Extracellular vesicles (EVs) are integral to numerous biological processes, yet it is unclear how environmental factors or interactions among individuals within a population affect EV-regulated systems. In Caenorhabditis elegans, the evolutionarily conserved large EVs, known as exophers, are part of a maternal somatic tissue resource management system. Consequently, the offspring of individuals exhibiting active exopher biogenesis (exophergenesis) develop faster. Our research focuses on unraveling the complex inter-tissue and social dynamics that govern exophergenesis. We found that ascr#10, the primary male pheromone, enhances exopher production in hermaphrodites, mediated by the G-protein-coupled receptor STR-173 in ASK sensory neurons. In contrast, pheromone produced by other hermaphrodites, ascr#3, diminishes exophergenesis within the population. This process is regulated via the neuropeptides FLP-8 and FLP-21, which originate from the URX and AQR/PQR/URX neurons, respectively.

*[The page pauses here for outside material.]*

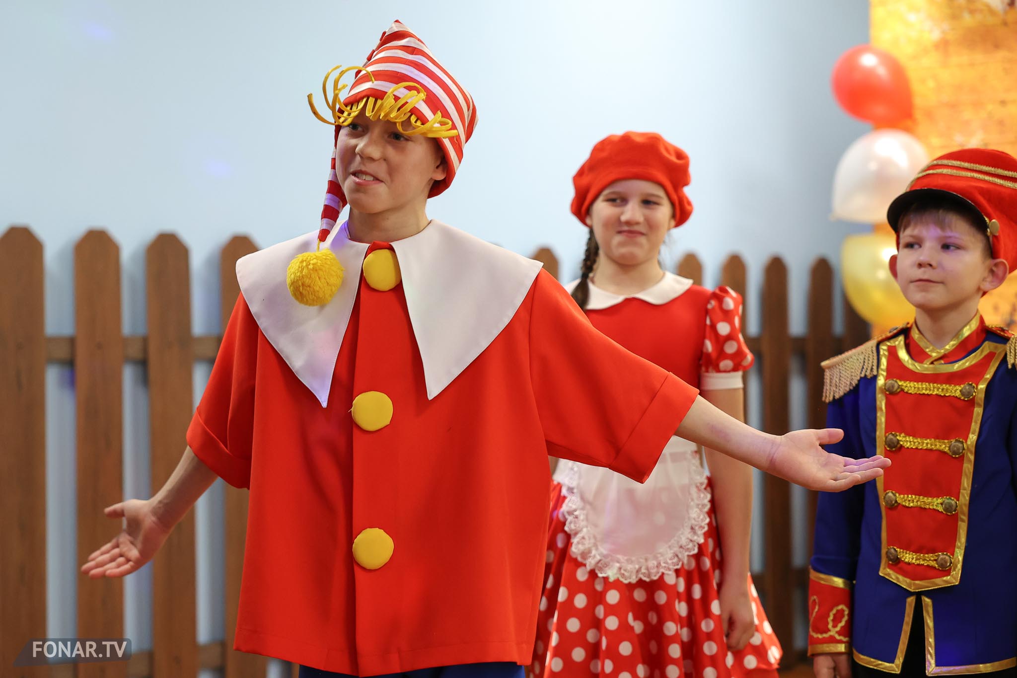 Воспитанники дома детства вместе с наставниками подготовили концерт: был и небольшой спектакль, и музыкальные номера — «Дорога добра» и «Песенка крокодила Гены».

Our results reveal a regulatory network that controls the production of somatic EV by the nervous system in response to social signals.

Suggested Citation

  • Agata Szczepańska & Katarzyna Olek & Klaudia Kołodziejska & Jingfang Yu & Abdulrahman Tudu Ibrahim & Laura Adamkiewicz & Frank C. Schroeder & Wojciech Pokrzywa & Michał Turek, 2024. "Pheromone-based communication influences the production of somatic extracellular vesicles in C. elegans," Nature Communications, Nature, vol. 15(1), pages 1-19, December.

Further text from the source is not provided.